How will Amazon’s strike affect package delivery in Skokie, Illinois and beyond?

How will Amazon’s strike affect package delivery in Skokie, Illinois and beyond?

SKOKIE, Ill. (CBS) – Amazon workers began a strike on Thursday in Skokie.

The strike was intentionally authorized in the middle of the busy holiday delivery season across the country for a reason – because the Teamsters Union pressured the company into a contract.

But experts said the strike doesn’t necessarily mean Amazon customers won’t receive their orders on time.

Workers left work at the DIL7 Amazon Logistics Delivery Station, 3639 Howard St. in Skokie, around 6 a.m. Thursday. The Teamsters Union called the strike the largest strike ever against the company.

The strikers remained in place throughout the day.

“It’s about profit over people,” said striking Amazon worker Ash’shura Brooks.

There are also strikes in an Amazon warehouse in San Francisco and five other delivery stations – three in Southern California; one in Maspeth, Queens in New York City; and one in Atlanta. Amazon says it expects no impact on its operations during what the union is calling the largest strike against the company in U.S. history.

“This has been a long battle with Amazon,” Brooks said. “We gave Amazon one chance after another to get to know us.”

The International Brotherhood of Teamsters said Amazon delivery drivers are fighting for a contract with better wages and more workplace safety. The Teamsters say they represent nearly 10,000 workers at 10 Amazon facilities, a small portion of the 1.5 million people Amazon employs in its warehouses and corporate offices.

“This strike is an attempt to put pressure on Amazon,” said Paul Clark, a professor of labor and employment relations at Penn State University.

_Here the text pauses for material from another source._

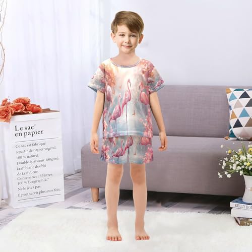 senya Short Sleeve Pajamas Sets Summer Cotton Sleepwear Cartoon Of Pink Flamingos 3

The union said it gave Amazon until Dec. 15 to negotiate a contract after hundreds of workers at the Skokie delivery facility joined with Teamsters Local 705 earlier this year. So far, however, Amazon has maintained that the drivers are contractors, not employees, and has refused to even recognize a union.

“The reason the Teamsters are doing this at this particular time is because they have some influence,” Clark said. “During this peak holiday season – when people are sending and receiving packages from Amazon – if you go ahead and send a message to Amazon, they won’t disappear.”

Amazon said it expects no impact on its operations during the strike. Clark said the strike doesn’t necessarily mean all packages will be delayed or arrive late.

“It is my understanding that only a very small percentage of packages shipped by Amazon will be affected,” Clark said.

But that doesn’t mean no one will feel any effect at all.

“The average person won’t feel anything, but there are some people who may have had packages delayed,” Clark said.

Amazon issued this statement late Wednesday:

“For more than a year, the Teamsters have continued to intentionally mislead the public – claiming that they represent ‘thousands of Amazon employees and drivers.’ They don’t and this is another attempt to spread a false narrative. The truth is that the Teamsters have actively threatened, intimidated, and attempted to force Amazon employees and third-party drivers to join them, which is illegal and the subject of several pending unfair labor practice charges against the union.”

Amazon workers on the strike line in Skokie denied the company’s allegations.